**Problem requirements:**
For each line in the material below that holds "from", copy that line.

**Data under study:**
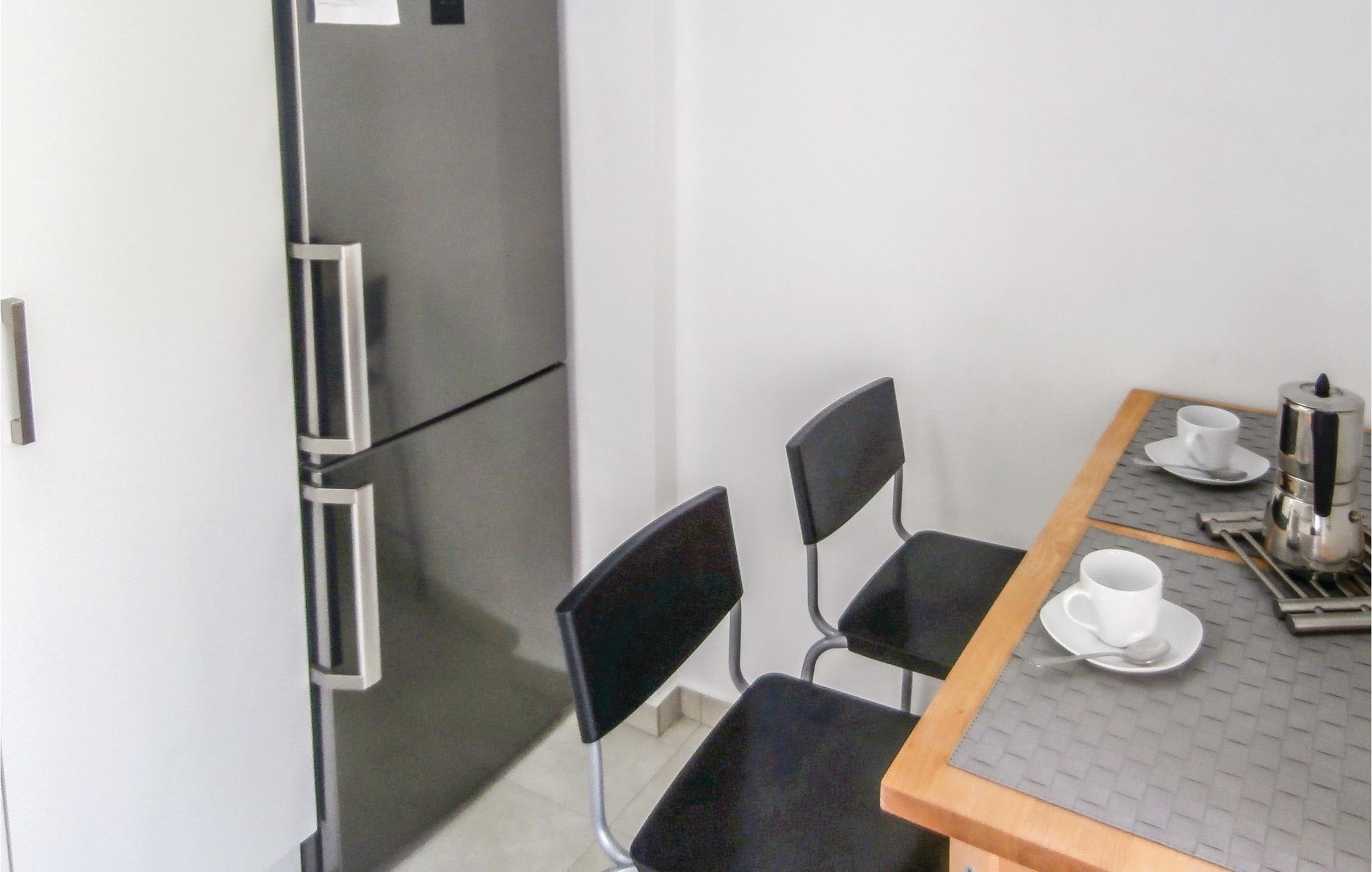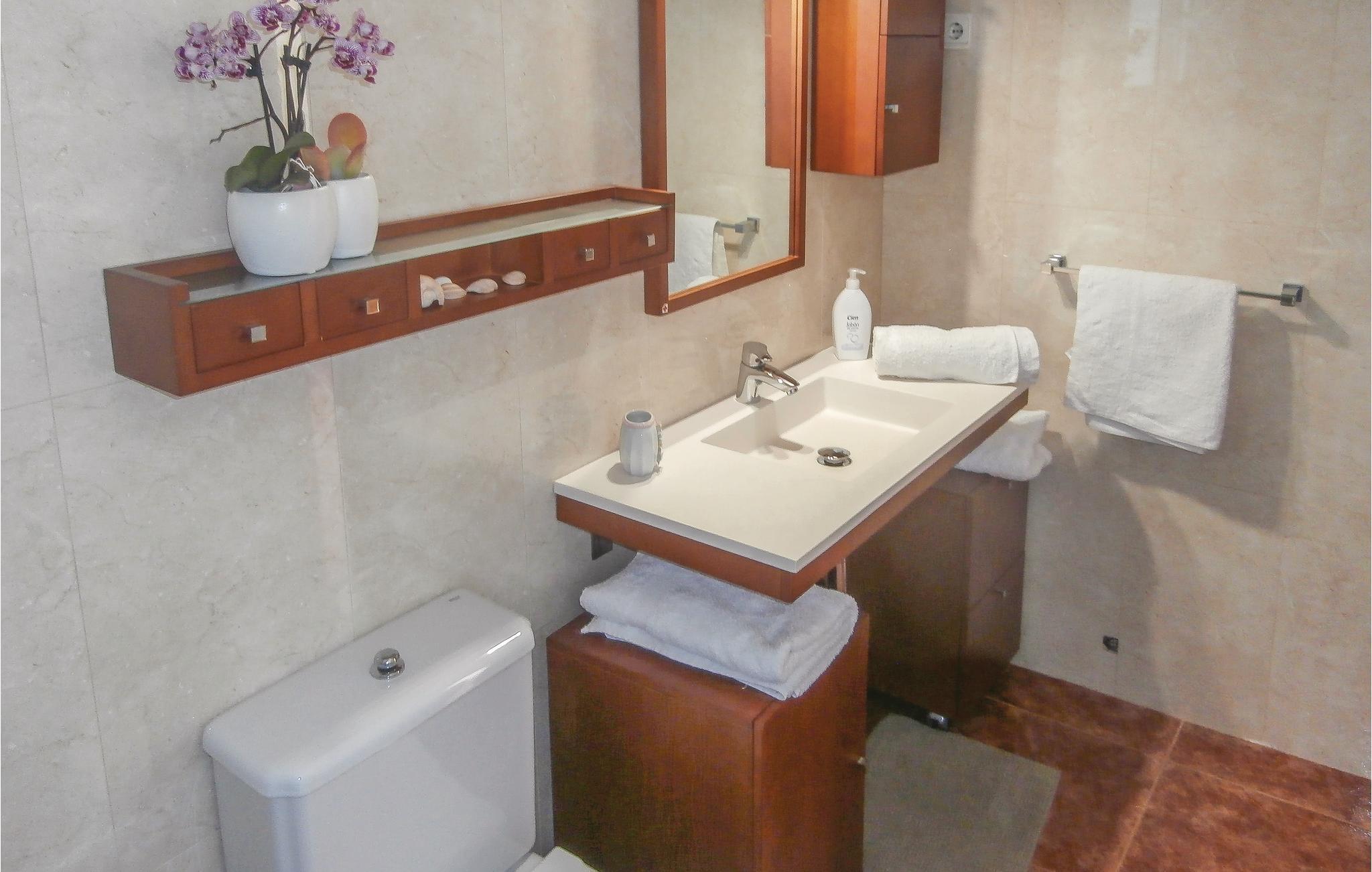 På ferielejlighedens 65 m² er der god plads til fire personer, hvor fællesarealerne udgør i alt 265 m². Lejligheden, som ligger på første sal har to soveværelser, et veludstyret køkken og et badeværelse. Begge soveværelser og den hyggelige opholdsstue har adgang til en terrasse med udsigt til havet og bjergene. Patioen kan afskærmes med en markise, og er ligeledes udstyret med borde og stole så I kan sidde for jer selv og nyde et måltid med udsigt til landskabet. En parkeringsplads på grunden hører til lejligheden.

==

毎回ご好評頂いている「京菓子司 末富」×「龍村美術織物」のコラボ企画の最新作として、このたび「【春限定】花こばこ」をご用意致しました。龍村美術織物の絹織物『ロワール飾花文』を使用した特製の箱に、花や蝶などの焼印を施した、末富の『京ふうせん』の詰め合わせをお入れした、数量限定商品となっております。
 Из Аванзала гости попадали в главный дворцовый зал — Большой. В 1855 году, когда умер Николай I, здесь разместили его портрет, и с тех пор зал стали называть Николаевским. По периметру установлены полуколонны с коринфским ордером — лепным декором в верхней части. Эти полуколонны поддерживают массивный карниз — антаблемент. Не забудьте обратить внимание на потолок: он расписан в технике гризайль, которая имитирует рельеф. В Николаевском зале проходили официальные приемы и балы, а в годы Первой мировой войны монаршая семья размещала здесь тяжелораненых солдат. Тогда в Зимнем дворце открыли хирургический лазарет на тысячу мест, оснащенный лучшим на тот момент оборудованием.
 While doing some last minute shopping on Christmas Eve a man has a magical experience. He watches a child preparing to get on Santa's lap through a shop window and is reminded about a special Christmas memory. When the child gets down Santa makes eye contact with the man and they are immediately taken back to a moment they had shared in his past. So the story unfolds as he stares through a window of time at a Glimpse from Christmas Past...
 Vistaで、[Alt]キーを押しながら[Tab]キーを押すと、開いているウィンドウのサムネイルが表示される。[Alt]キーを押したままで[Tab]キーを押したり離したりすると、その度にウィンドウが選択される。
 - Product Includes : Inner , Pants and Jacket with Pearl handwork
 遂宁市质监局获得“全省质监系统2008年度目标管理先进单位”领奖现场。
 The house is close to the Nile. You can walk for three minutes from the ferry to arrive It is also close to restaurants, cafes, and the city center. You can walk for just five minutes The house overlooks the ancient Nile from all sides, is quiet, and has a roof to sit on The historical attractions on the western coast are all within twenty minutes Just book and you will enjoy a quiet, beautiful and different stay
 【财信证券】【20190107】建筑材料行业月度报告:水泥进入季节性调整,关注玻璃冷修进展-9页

**Result:**
 While doing some last minute shopping on Christmas Eve a man has a magical experience. He watches a child preparing to get on Santa's lap through a shop window and is reminded about a special Christmas memory. When the child gets down Santa makes eye contact with the man and they are immediately taken back to a moment they had shared in his past. So the story unfolds as he stares through a window of time at a Glimpse from Christmas Past...
 The house is close to the Nile. You can walk for three minutes from the ferry to arrive It is also close to restaurants, cafes, and the city center. You can walk for just five minutes The house overlooks the ancient Nile from all sides, is quiet, and has a roof to sit on The historical attractions on the western coast are all within twenty minutes Just book and you will enjoy a quiet, beautiful and different stay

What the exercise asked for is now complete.